Expecting anger or sarcasm in response, i turned to the locals and Native People in the audience to see what their reaction would be. There were a roomful of glassy eyes to respond to the white men’s talk. i could only imagine what they were thinking, how many times they had heard this. Did they dream of dignity behind their clouded eyes? One mother spoke angrily to the need for cleaner, less risky industrial work in the face of a destabilizing climate and a negligent industry, to replace the oil rig work that threatened her husband every time he left for offshore. Another churchwoman spoke against the miles and miles of messed up marsh the industry has left behind just outside Houma, and against tax breaks for these same industries.
“I’m with you, but if we don’t give them tax breaks, they will walk…I couldn’t agree with you more…but it’s hard to convince a company worried about the bottom line…it’s hard to make a company see that spending some money for the benefit of others is the most business-savvy approach.”
Thus the men in charge tell us to lie back and die.
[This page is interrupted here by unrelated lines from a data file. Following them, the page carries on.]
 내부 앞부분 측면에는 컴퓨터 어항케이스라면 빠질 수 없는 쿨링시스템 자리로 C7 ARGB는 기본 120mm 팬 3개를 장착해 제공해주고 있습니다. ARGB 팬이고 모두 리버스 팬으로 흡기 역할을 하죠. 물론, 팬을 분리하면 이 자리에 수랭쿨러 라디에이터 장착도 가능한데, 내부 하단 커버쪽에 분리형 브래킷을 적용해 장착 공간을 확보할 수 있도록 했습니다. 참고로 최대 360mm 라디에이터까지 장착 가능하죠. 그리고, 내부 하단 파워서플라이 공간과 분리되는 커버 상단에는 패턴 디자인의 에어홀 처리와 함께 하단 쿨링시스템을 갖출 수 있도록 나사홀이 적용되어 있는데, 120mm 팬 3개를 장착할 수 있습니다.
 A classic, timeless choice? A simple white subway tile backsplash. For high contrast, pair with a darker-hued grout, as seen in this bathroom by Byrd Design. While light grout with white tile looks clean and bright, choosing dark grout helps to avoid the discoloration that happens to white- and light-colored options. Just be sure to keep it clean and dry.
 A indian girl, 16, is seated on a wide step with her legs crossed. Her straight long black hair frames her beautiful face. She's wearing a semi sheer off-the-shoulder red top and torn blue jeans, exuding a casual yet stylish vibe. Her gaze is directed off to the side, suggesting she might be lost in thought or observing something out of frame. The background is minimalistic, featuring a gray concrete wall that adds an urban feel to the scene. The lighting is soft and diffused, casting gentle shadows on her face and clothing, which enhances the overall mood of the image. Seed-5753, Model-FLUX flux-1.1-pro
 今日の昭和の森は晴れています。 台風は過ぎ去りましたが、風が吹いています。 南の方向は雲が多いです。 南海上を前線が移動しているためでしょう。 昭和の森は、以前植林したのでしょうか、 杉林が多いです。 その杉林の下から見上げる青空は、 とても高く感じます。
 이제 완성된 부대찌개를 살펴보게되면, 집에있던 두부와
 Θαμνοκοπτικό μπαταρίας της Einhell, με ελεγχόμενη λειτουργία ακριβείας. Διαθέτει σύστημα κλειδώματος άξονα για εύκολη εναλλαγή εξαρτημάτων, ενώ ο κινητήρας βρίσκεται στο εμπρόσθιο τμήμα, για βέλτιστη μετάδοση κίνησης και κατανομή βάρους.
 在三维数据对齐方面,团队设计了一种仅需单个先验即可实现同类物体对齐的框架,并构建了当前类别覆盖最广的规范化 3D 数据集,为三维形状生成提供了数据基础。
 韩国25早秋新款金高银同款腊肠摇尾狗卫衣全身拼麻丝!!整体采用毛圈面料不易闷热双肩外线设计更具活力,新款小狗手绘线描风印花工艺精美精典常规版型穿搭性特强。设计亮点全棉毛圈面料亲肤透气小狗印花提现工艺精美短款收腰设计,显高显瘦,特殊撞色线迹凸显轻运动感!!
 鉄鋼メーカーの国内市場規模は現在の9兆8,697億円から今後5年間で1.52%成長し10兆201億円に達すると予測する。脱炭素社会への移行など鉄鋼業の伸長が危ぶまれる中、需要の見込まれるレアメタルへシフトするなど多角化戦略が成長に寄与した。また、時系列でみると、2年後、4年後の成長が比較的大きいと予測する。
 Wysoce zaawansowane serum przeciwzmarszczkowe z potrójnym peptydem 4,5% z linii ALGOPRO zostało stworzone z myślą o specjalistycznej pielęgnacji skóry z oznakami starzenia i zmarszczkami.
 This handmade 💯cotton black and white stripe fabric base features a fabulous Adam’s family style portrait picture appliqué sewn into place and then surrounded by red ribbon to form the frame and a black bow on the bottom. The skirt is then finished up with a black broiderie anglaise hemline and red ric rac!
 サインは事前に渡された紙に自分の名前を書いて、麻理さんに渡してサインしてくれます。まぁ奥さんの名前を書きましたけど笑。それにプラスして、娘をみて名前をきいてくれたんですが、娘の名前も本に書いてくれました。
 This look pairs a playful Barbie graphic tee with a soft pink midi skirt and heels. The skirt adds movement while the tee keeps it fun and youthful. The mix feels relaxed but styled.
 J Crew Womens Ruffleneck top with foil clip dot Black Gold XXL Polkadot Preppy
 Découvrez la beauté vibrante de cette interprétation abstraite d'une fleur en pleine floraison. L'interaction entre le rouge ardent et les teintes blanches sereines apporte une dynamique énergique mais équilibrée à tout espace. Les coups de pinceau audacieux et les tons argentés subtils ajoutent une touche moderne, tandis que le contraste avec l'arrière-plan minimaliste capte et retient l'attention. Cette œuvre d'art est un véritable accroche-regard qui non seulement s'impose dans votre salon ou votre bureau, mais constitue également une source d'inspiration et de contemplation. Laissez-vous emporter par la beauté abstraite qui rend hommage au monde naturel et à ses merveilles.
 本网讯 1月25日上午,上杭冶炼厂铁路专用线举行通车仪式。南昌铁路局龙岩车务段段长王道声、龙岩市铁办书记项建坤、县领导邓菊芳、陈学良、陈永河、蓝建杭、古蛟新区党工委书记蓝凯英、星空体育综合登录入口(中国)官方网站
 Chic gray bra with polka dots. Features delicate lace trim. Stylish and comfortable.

Even they do not believe the words from their mouths, when they argue that the business plans of the companies weigh heavier in their mind than the people who have thrived on the Good Earth for generations. Because it’s “too hard” to rewrite those plans, and not “savvy.” Our lives are small. we are but bodies– corpses; and they, the necrophiliacs.
So these holes and channels remain, decades after all the oil has been brought to the surface, the money all gone to Houston. The party is over, but our veins remain open, just in case. Just in case numbers come in that make it worth it to suck the last bit of bitumen out of these collapsed plays, busted zits miles underground, long popped. Industry still waits to squeeze them.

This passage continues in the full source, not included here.